If you prefer then I'll change from "bogus" to "not genuine" but I don't see the point.

And what I've posted is not a novel approach by any means whatsoever. In fact Misner, Thorne and Wheeler defined a similar tensor in their text. While I call mine the "mass tensor" they refer to theirs as the "inertial mass tensor." Plus I'm not the first to use the term "mass tensor." I think its defined in other places each having a different meaning.

If you've never seen it its because the mass-energy relation has been employed when it never really has been before. waite has never seen the T^{ab} refered to as anything other than "energy-momentum tensor" or "stress-energy tensor" or "stress-energy tensor" etc. However it does go by different names in the physics literature and the components are called different things in the literature. The reason for these different names is Einstein's mass-energy equivalence relation, which waite is claiming that it's all just a meaningless multiplication by a constant. These other names are just not used that often. As explained in the derivation the quantity T^{ab} was referred to as the material energy tensor by Dirac. I've just placed the in a different form. Also in that derivation I employed the Newtonian tidal force tensor - something waite told me that he never heard of (i.e. he claimed it doesn't exist) so that's probably why he was making these non-genuine claims.
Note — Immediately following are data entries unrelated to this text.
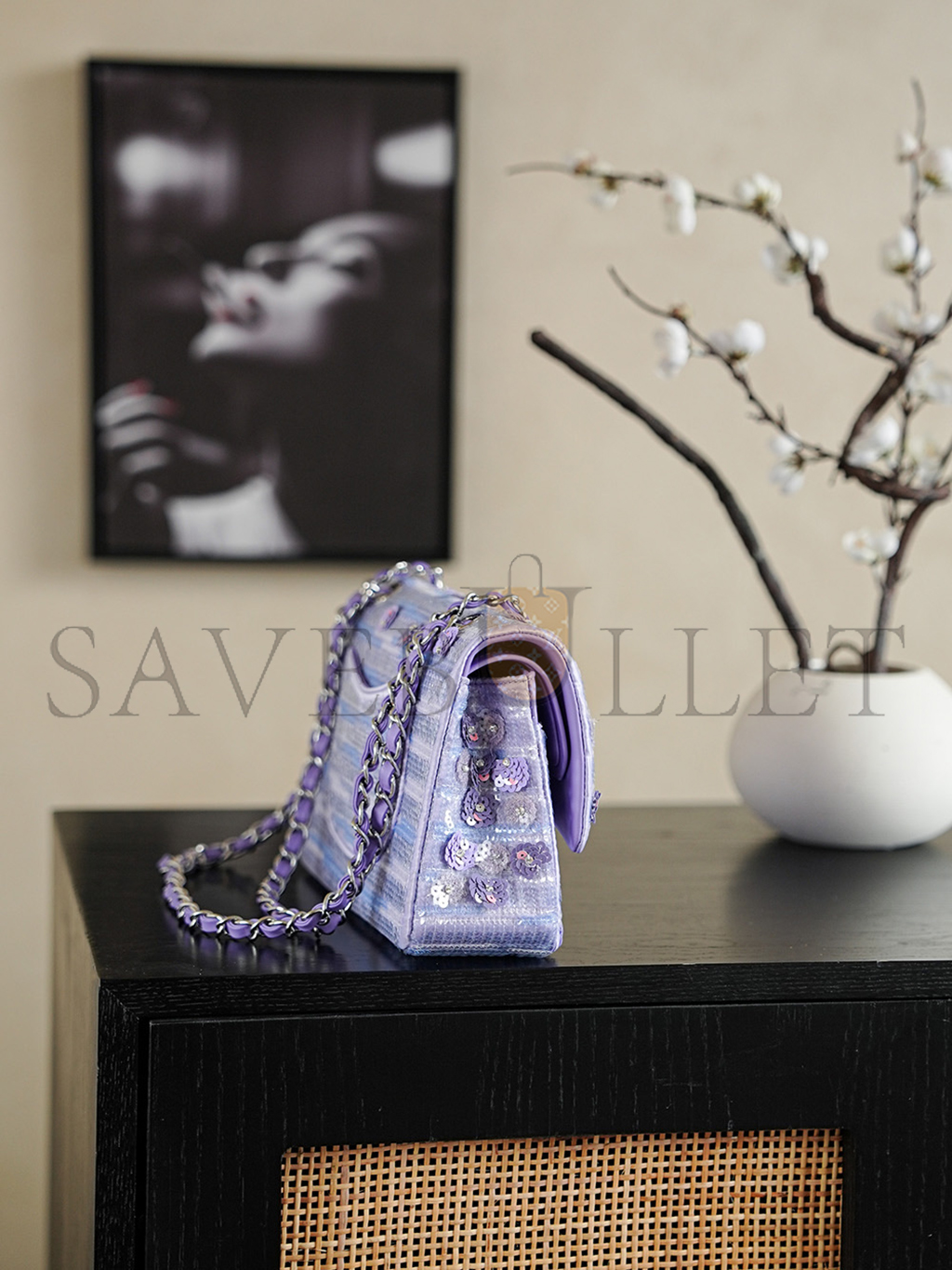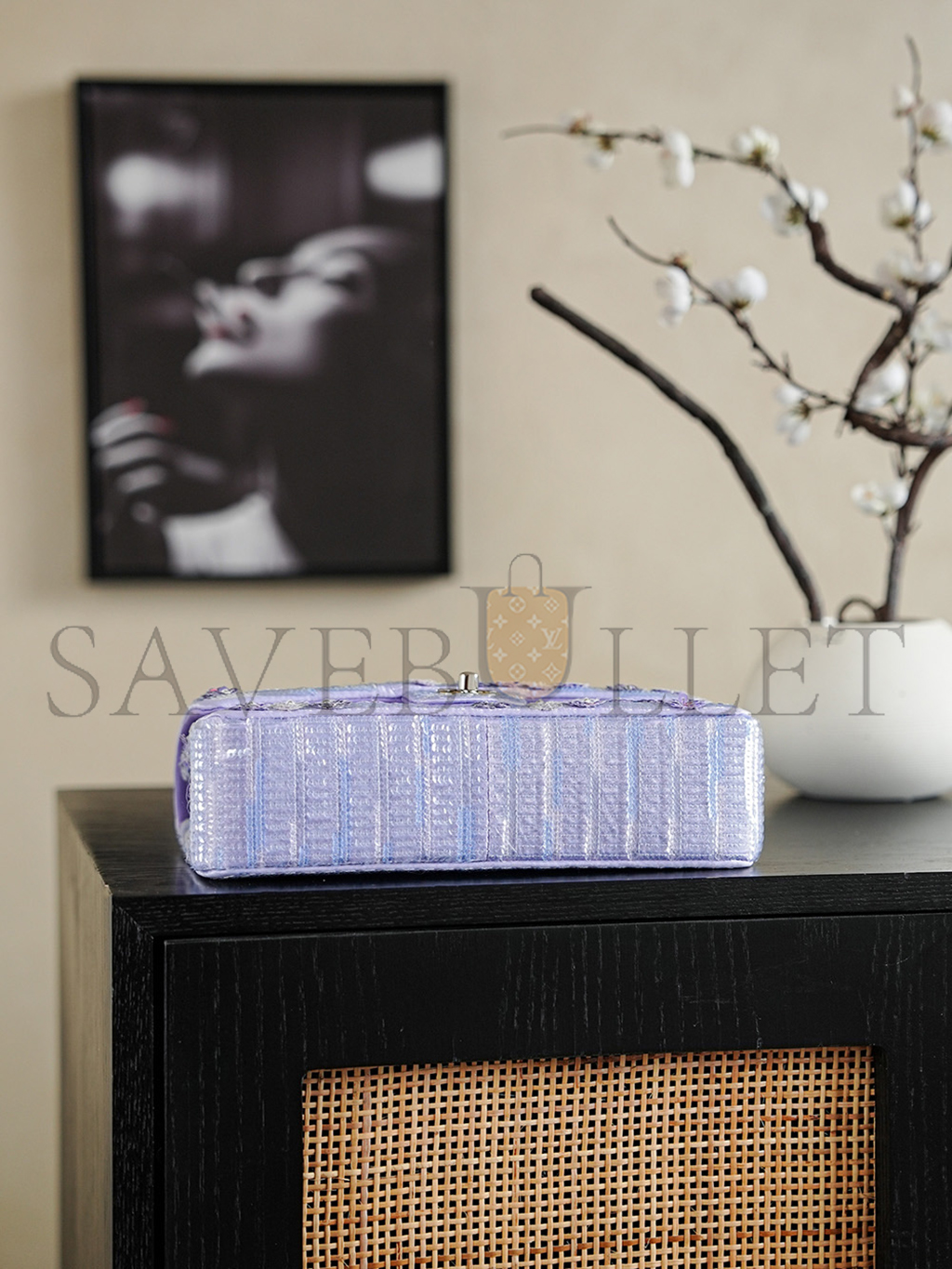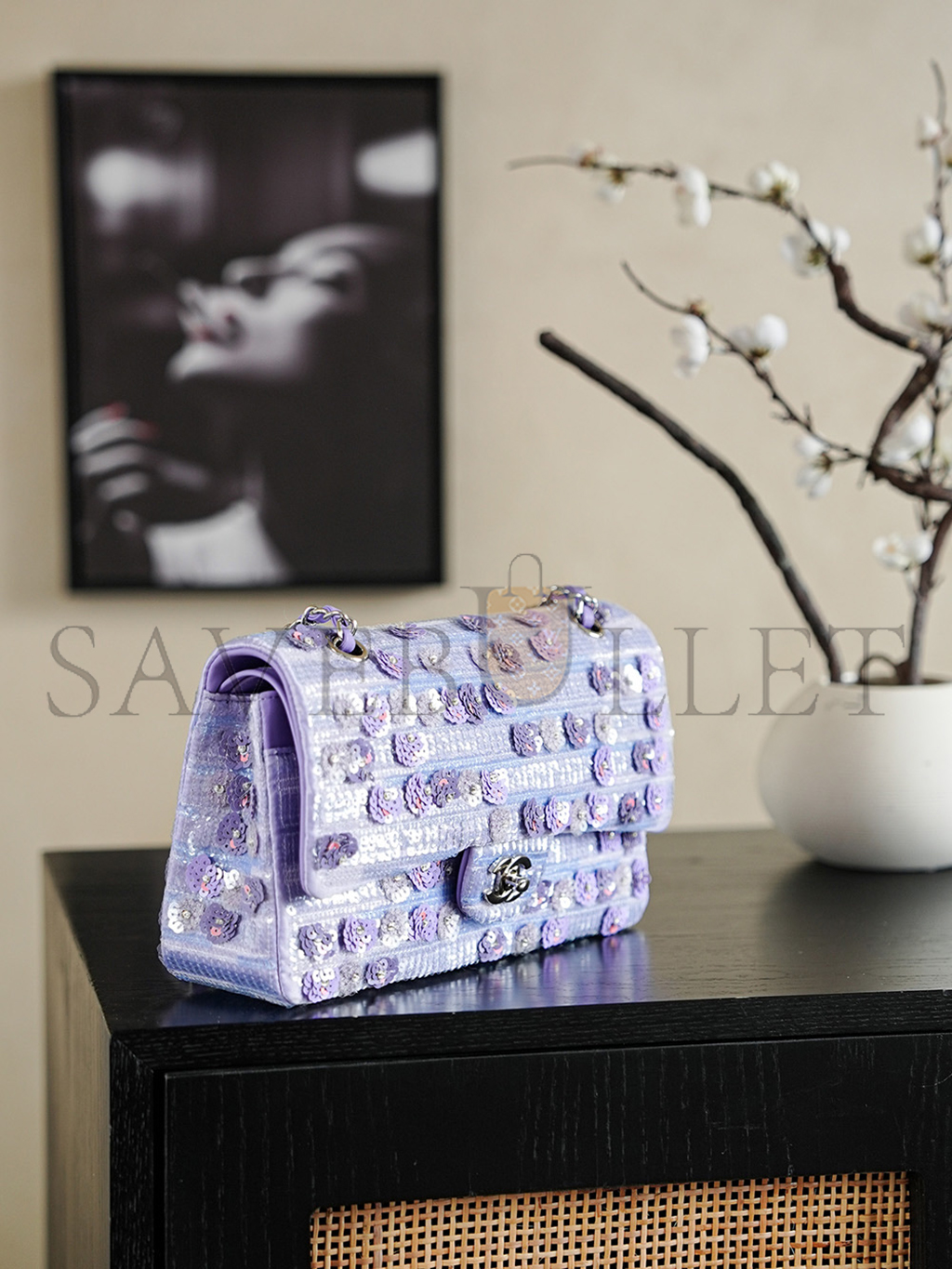 CHANEL 26C VIOLET SEQUINS CLASSIC FLAP BAG A01112 (25.5*15.5*6.5cm)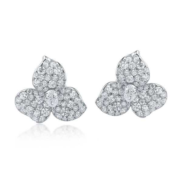 Cercei din aur alb cu diamante pear si round de 1.9ct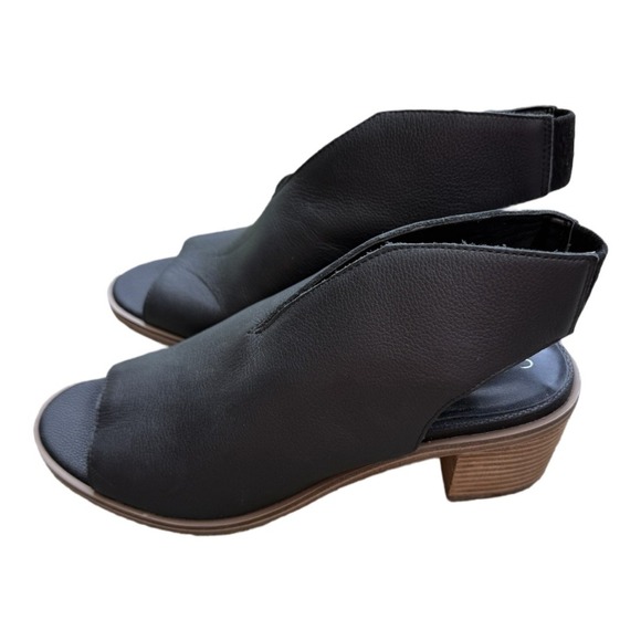 Ankle Booties Sole Society Open Toe Black Leather Minimalist Clean Girl Size 8.5

The link I provided in the first post is the derivation. It is there that I back up what I said. Of course this is nothing new since MTW do the same thing. i.e. rho = T(U,U). I suggest that anyone who is going to claim that it's wrong prove what they say rather than simply say "You're wrong". Do you consider "You're wrong." a valid arguement if they don't back it up with a valid arguement why they claim that it's wrong?

I.e. prove which equation is incorrect and prove how it led to an error or show why an error led the to a correct result.

Again - what I did was nothing new. Just rarely seen nowadays. In fact this is in some of the best physics texts that their are. Plus - I've already supported this in the page that I posted with the derivation. The only thing that is different is a different view. i.e. instead of defining T^{00} as energy density[/sup] Einstein's mass-energy equivalence E = mc^{2} is employed to write T^{00} = c[su]2[/sup] rho. But that's widely done in the physics literatur which has been pointed out to waite hundreds of times. In all those hundreds of response in the past all he did was to repeat his claim with no effort made of backing it up.

Re: Re: Re: Relativistic Mass as "Gravitational Charge"

I'm but a lowly Software Developer, but I think what might have been missed in the original equation posted: E = M*C^2,
is that, that is NOT Einstein's ACTUAL Equation.

It is my understanding that Einstein's Equation is often misunderstood because of a missing Subscript of Zero for the "E".
I could be wrong about this, but I recall his equation to be:
Eo = M*C^2

(Sorry, I'm not certain how to make a subscript. I'd be interested in knowing though, how all those neat symbols are being created in the math posts I've seen. It would be of some use to my posts, if anyone cares to enlighten me how to do it. Thanks in advance, if you do. PM me, if you wish.)